Huntsville, Alabama, is now home to Blue Origin‘s brand new rocket engine production facility, the latest addition to Huntsville’s Cummings Research Park (CRP), the second-largest research park in the United States and the fourth largest in the world. The 46-acre plant in The Rocket City will strengthen the production of Blue Origin’s BE-4 and BE-3U engines, which will power both Blue Origin’s own orbital launch vehicle, the New Glenn rocket, and United Launch Alliance’s next-generation Vulcan Centaur launch system for national security, civil, human and commercial missions.
In development since 2011, the BE-4 is a liquefied natural gas (LNG) fueled rocket engine. Using an oxygen-rich staged combustion cycle, BE-4 is capable of delivering 2,400 kN of thrust at sea level. The engine uses additive manufacturing as part of its critical manufacturing processes for the thrust chamber and nozzle. And according to this article on Institute of Electrical and Electronics Engineers (IEEE) Spectrum, “the BE-4 uses 3D printing to accelerate the design process, replacing cast or forged parts that used to take a year or more to source with parts made in-house in just a couple of months; the technology also allowed intricately shaped components to be made from fewer pieces.”

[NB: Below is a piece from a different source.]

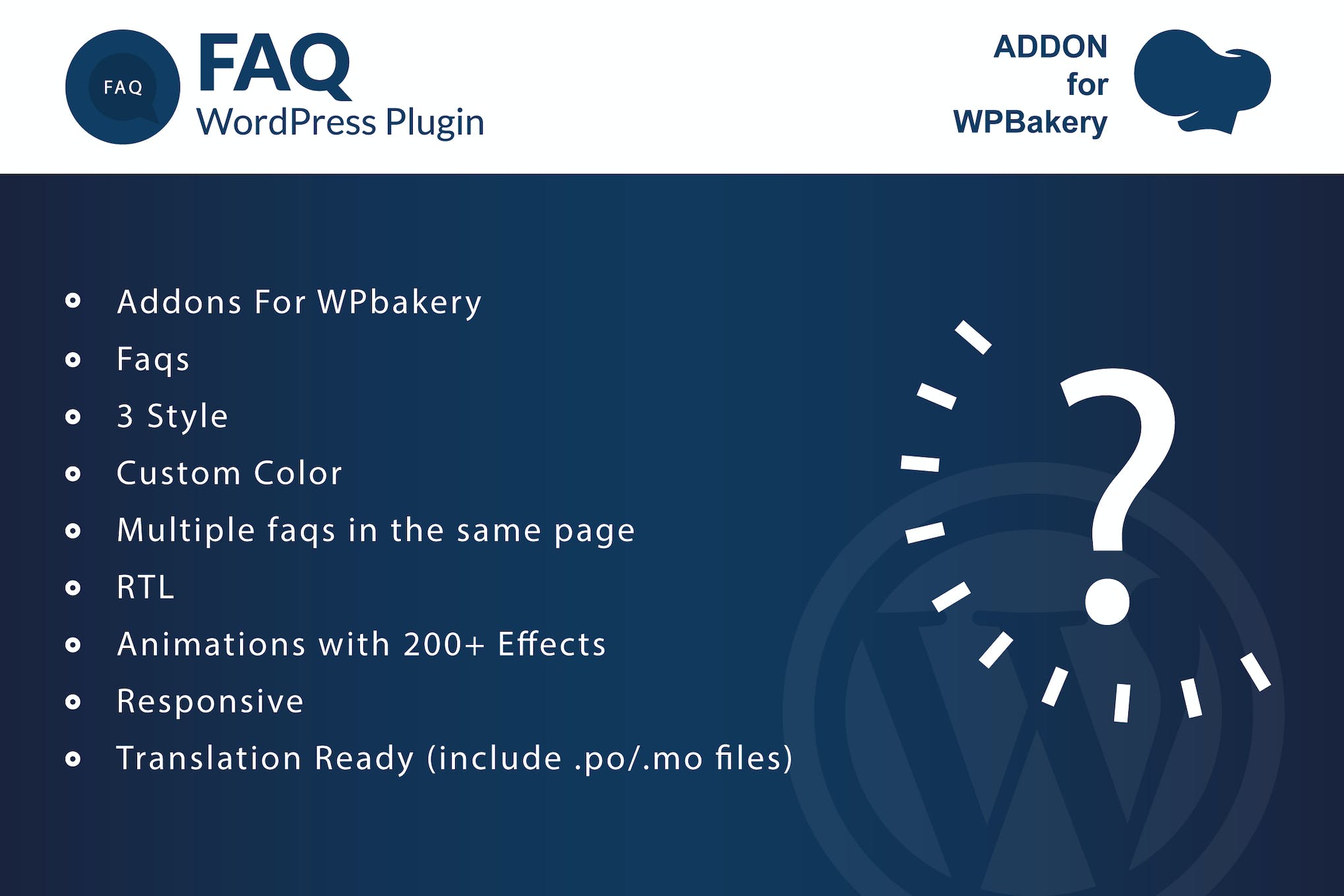 Introducing Faq for WPBakery Page Builder, the ultimate solution for effortlessly adding FAQs to your WordPress website. With just one click, you can conveniently incorporate your FAQs into your page. This innovative plugin offers a range of features, including customizable colors, the ability to include multiple FAQs on the same page, three unique styles, RTL support, and over 200 stunning animation effects. Furthermore, this responsive plugin is translation ready, making it accessible to a global audience. Please note that WPBakery Page Builder for WordPress must be installed for optimal functionality. Boost user engagement and streamline customer inquiries with Faq for WPBakery Page Builder today.

No surprise there, additive manufacturing is powering rocket engine production and improving the time to delivery. Like its competitors, Blue Origin is expanding the use of the technology to improve the quality and efficiency of its rocket engines, offering simpler, safer and cheaper reusable products, in line with company founder Jeff Bezos founding principle, of creating low cost, reusable and highly operable rocket engines.
Blue Origin CEO, Bob Smith, said during the inauguration that “at the core of every successful launch vehicle program are the engines that power those vehicles to space. Early on in Blue Origin’s history, we made a crucial decision to invest in developing the next generation of reusable rocket engines. And now, it’s an exciting time for Blue, our partners and this country – we are on the path to deliver on our promise to end the reliance on Russian made engines – and it’s all happening right here, right now, in the great state of Alabama. We couldn’t be prouder to call this our home for engine production.”
Huntsville has a very rich legacy in liquid rocket engines. Nearly every major US aerospace corporation is represented in CRP and the community, and even NASA operates the Marshall Space Flight Center in Huntsville, which for the past 60 years has been leading on space propulsion, designing the rockets that put man on the moon, and is currently designing the propulsion system for NASA’s Space Launch System. The new $200 million rocket-engine facility in Huntsville will expand the state’s already robust capabilities in space flight as well as add more than 300 jobs to the local economy.
The new facility demonstrates part of a bigger plan for Blue Origin, as the company is also working on two other engines, including the BE-7 destined for the company’s Blue Moon lunar lander. Although their BE-4 is the largest of the three and will undergo testing at NASA Marshall Space Flight Center on the historic Test Stand 4670.
Although all early BE-4 components and full engines to support the test program were built at Blue Origin’s headquarters location in Kent, Washington, and the BE-4 is currently undergoing full-scale engine development testing at Blue Origin’s facilities in Van Horn, Texas, full-rate production of the engine will occur in Huntsville.
Moreover, seven BE-4 engines are expected to power New Glenn’s reusable booster, and two BE-4 engines will drive the first stage of United Launch Alliance’s Vulcan launch vehicle. Blue Origin is hoping to move for the development of new spacecraft, and they have already flown commercial payloads aboard New Shepard nine times. The suborbital space-tourist vehicle which should make its first crewed flight later this year is being launched to carry experimental payloads that will be used for research, including materials used in student studies.
The massive rocket called New Glenn could enable more lunar missions and make Bezo’s dream of “building a road to space” a reality. A big part of commercializing space entails being able to innovate, develop and manufacture new products that astronauts and space tourists can use in orbit. 2019 was a big year for space agencies and companies looking to get a place in the next big space race, and 2020 seems to be starting out with big news, let’s hope some of the deadlines for many of the space ventures hold up. One thing is for sure, 3D printing will continue to play an important role in the development of the rockets that will launch the next generation of space explorers.